Os maiores atiradores de elite do Exército Brasileiro

A figura do atirador de elite, ou sniper, exerce um fascínio considerável tanto no imaginário popular quanto no meio militar. No Exército Brasileiro (EB), essa especialidade é tratada com o máximo rigor, combinando precisão técnica, resistência psicológica e um profundo conhecimento de tática e camuflagem.

Diferente do que se vê em filmes de ação, o atirador de elite brasileiro não é apenas um “bom de tiro”, mas um multiplicador de forças estratégico, capaz de paralisar unidades inimigas inteiras, coletar dados de inteligência cruciais e realizar neutralizações seletivas com o mínimo de danos colaterais.

Para entender quem são os maiores nomes e como se formam os melhores atiradores do Brasil, é preciso mergulhar na doutrina de emprego dessas tropas e na evolução histórica que moldou o tiro de precisão no país. O Exército Brasileiro mantém centros de excelência que formam profissionais de altíssimo nível, frequentemente comparados aos melhores do mundo em competições e intercâmbios internacionais.

A doutrina do caçador no Exército Brasileiro

No âmbito do Exército Brasileiro, o termo técnico utilizado para designar o atirador de elite é “caçador”. Essa nomenclatura não é por acaso; ela reflete a essência da missão. O caçador é aquele que rastreia, observa e aguarda o momento oportuno para agir. A doutrina nacional divide esses profissionais em categorias específicas, dependendo da unidade e da finalidade da missão.

O caçador de corpo de tropa atua junto às unidades de infantaria convencionais, provendo apoio de fogo preciso e proteção para o avanço da tropa. Já os caçadores de operações especiais, vinculados ao Comando de Operações Especiais (COpEsp), operam em ambientes de altíssimo risco, muitas vezes atrás das linhas inimigas, realizando missões de reconhecimento especial e ação direta.

A formação de um caçador no Brasil é considerada uma das mais difíceis das Forças Armadas. O curso exige que o militar domine a balística (o estudo do comportamento do projétil), a meteorologia (influência do vento, umidade e temperatura no tiro), a estimativa de distância sem o uso de equipamentos eletrônicos e, acima de tudo, a arte da camuflagem e do movimento furtivo.

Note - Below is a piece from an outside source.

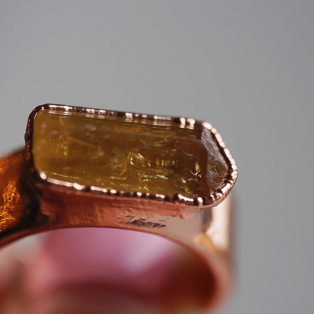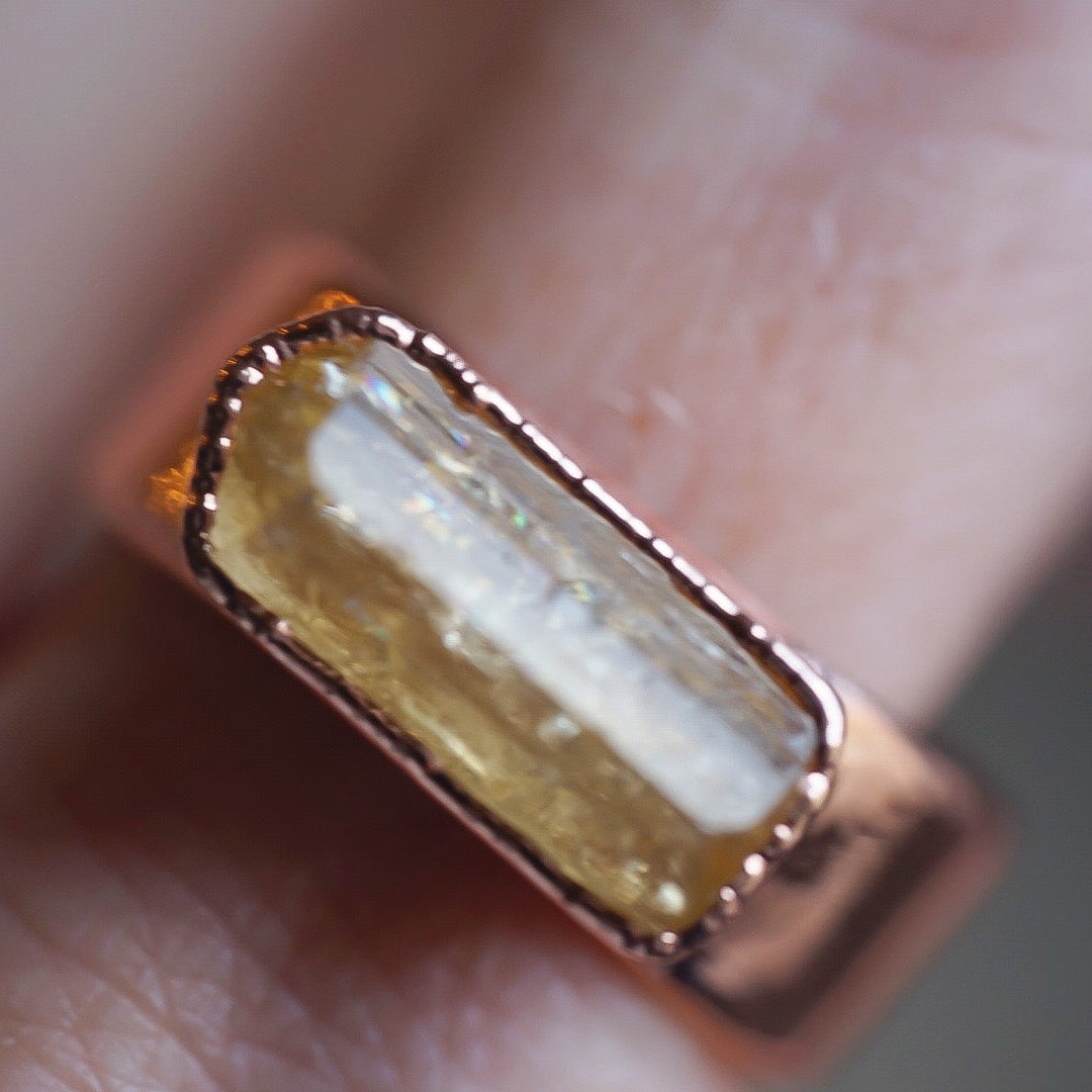The Imperial Topaz Thick Band Ring is adorned with a high quality Imperial Topaz stone and set on a handmade thick band. We attach the stone with a unique process called electroforming. Our thick band rings are meant to be more of a statement piece. Looks beautiful by itself or even more gorgeous layered in between one of our simple stacking bands.

É importante notar que, no universo do tiro de precisão do Exército Brasileiro, existe uma cultura de preservação da identidade dos operadores. Diferente de exércitos estrangeiros que transformam seus snipers em figuras midiáticas, o Exército Brasileiro preza pelo anonimato estratégico.

Entretanto, alguns nomes e codinomes tornaram-se lendários dentro das casernas, seja por recordes em treinamentos, desempenho em missões reais ou pela excelência na instrução de novas gerações de caçadores.

O legado do sargento Marco Antônio de Souza, o “Assombroso”

O nome do Sargento Marco Antônio de Souza, amplamente conhecido pelo codinome “Assombroso”, é uma das raras exceções que transbordam os muros dos quartéis e ganham reconhecimento público. Ele é frequentemente citado como uma das maiores referências técnicas do tiro de precisão no Brasil.

O apelido “Assombroso” não veio por acaso. Ele remete à sua capacidade quase sobrenatural de camuflagem e infiltração. Relatos de companheiros de farda e alunos indicam que Souza conseguia se aproximar de alvos ou postos de observação sem ser detectado, mesmo por sentinelas atentos e utilizando equipamentos de visão noturna.

Além da perícia no gatilho, o Sargento Souza destacou-se como instrutor, moldando a mentalidade de dezenas de outros caçadores. Sua contribuição foi fundamental para consolidar a doutrina de que o caçador é, antes de tudo, um mestre da furtividade. Para ele, o disparo é apenas o ato final de um processo exaustivo de paciência e inteligência de campo.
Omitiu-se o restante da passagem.